Steps to Reproduce (for bugs)

paste this simple fingerprinting code (not very fingerprinting, it's just a concept), in the browser URL bar and it will popoup your fingerprinted id:

data:text/html,<html><head><script>window.onload=showId;function showId(){var CanvaS,ctxS,ciS,S,W,H;var e=0.0;var C=document.createElement("canvas");C.width=400;C.height=400;C.id="canvasS";document.body.appendChild(C);CanvaS=document.getElementById("canvasS");ctxS=CanvaS.getContext("2d");W=CanvaS.width;H=CanvaS.height;ctxS.textBaseline="top";ctxS.font="1.01emOptimer,verdana";ctxS.fillStyle="rgba(255,255,255,1)";ctxS.fillText("Test",0,0);ciS=ctxS.getImageData(0,0,W,H);S=ciS.data;for(var x=0;x<W*H*4;x++){e=e+S[x]*x;}alert("id:"+e);}</script></head></html>

it uses getImageData to elaborate how the text 'Test' is rendered

Context

I did some research and it seems that Firefox (as well as other browser) now limits the ways Data URI scheme can be used. I tried to use as iframe, as link, as pop-up window and as image source with no success (luckily).

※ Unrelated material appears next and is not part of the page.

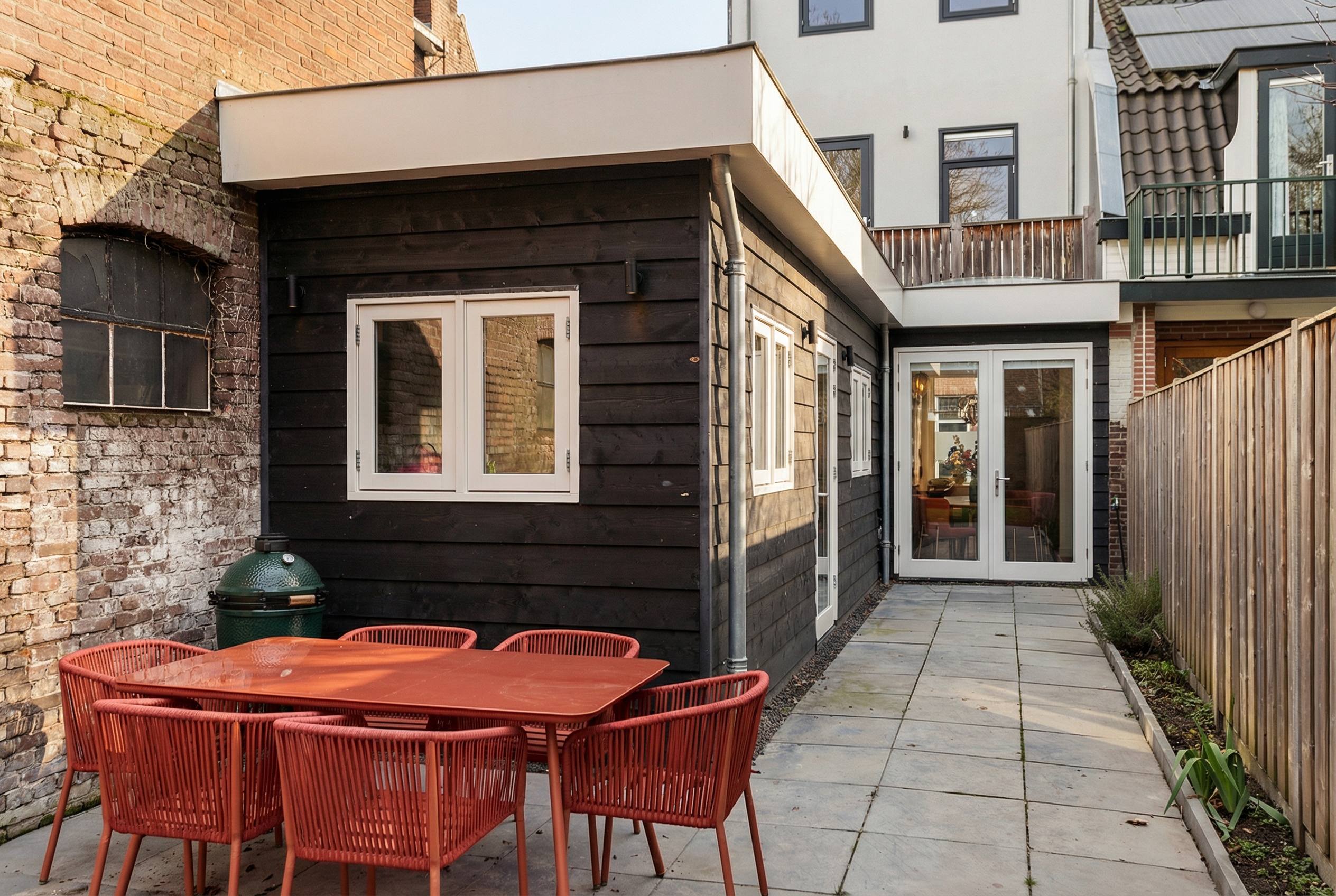 De woning beschikt daarnaast over een balkon op de eerste verdieping, eveneens gelegen op het zuidoosten — een heerlijke extra buitenplek om op verschillende momenten van de dag van de zon te genieten.

I tried even to use the base64 encoded version (to avoid problems with escaping characters and such):

data:text/html;base64,PGh0bWw+PGhlYWQ+PHNjcmlwdD53aW5kb3cub25sb2FkPXNob3dJZDtmdW5jdGlvbiBzaG93SWQoKXt2YXIgQ2FudmFTLGN0eFMsY2lTLFMsVyxIO3ZhciBlPTAuMDt2YXIgQz1kb2N1bWVudC5jcmVhdGVFbGVtZW50KCJjYW52YXMiKTtDLndpZHRoPTQwMDtDLmhlaWdodD00MDA7Qy5pZD0iY2FudmFzUyI7ZG9jdW1lbnQuYm9keS5hcHBlbmRDaGlsZChDKTtDYW52YVM9ZG9jdW1lbnQuZ2V0RWxlbWVudEJ5SWQoImNhbnZhc1MiKTtjdHhTPUNhbnZhUy5nZXRDb250ZXh0KCIyZCIpO1c9Q2FudmFTLndpZHRoO0g9Q2FudmFTLmhlaWdodDtjdHhTLnRleHRCYXNlbGluZT0idG9wIjtjdHhTLmZvbnQ9IjEuMDFlbU9wdGltZXIsdmVyZGFuYSI7Y3R4Uy5maWxsU3R5bGU9InJnYmEoMjU1LDI1NSwyNTUsMSkiO2N0eFMuZmlsbFRleHQoIlRlc3QiLDAsMCk7Y2lTPWN0eFMuZ2V0SW1hZ2VEYXRhKDAsMCxXLEgpO1M9Y2lTLmRhdGE7Zm9yKHZhciB4PTA7eDxXKkgqNDt4Kyspe2U9ZStTW3hdKng7fWFsZXJ0KCJpZDoiK2UpO308L3NjcmlwdD48L2hlYWQ+PC9odG1sPg==

It still works manually pasting it on the URL bar, but it does not work in any other way i tested.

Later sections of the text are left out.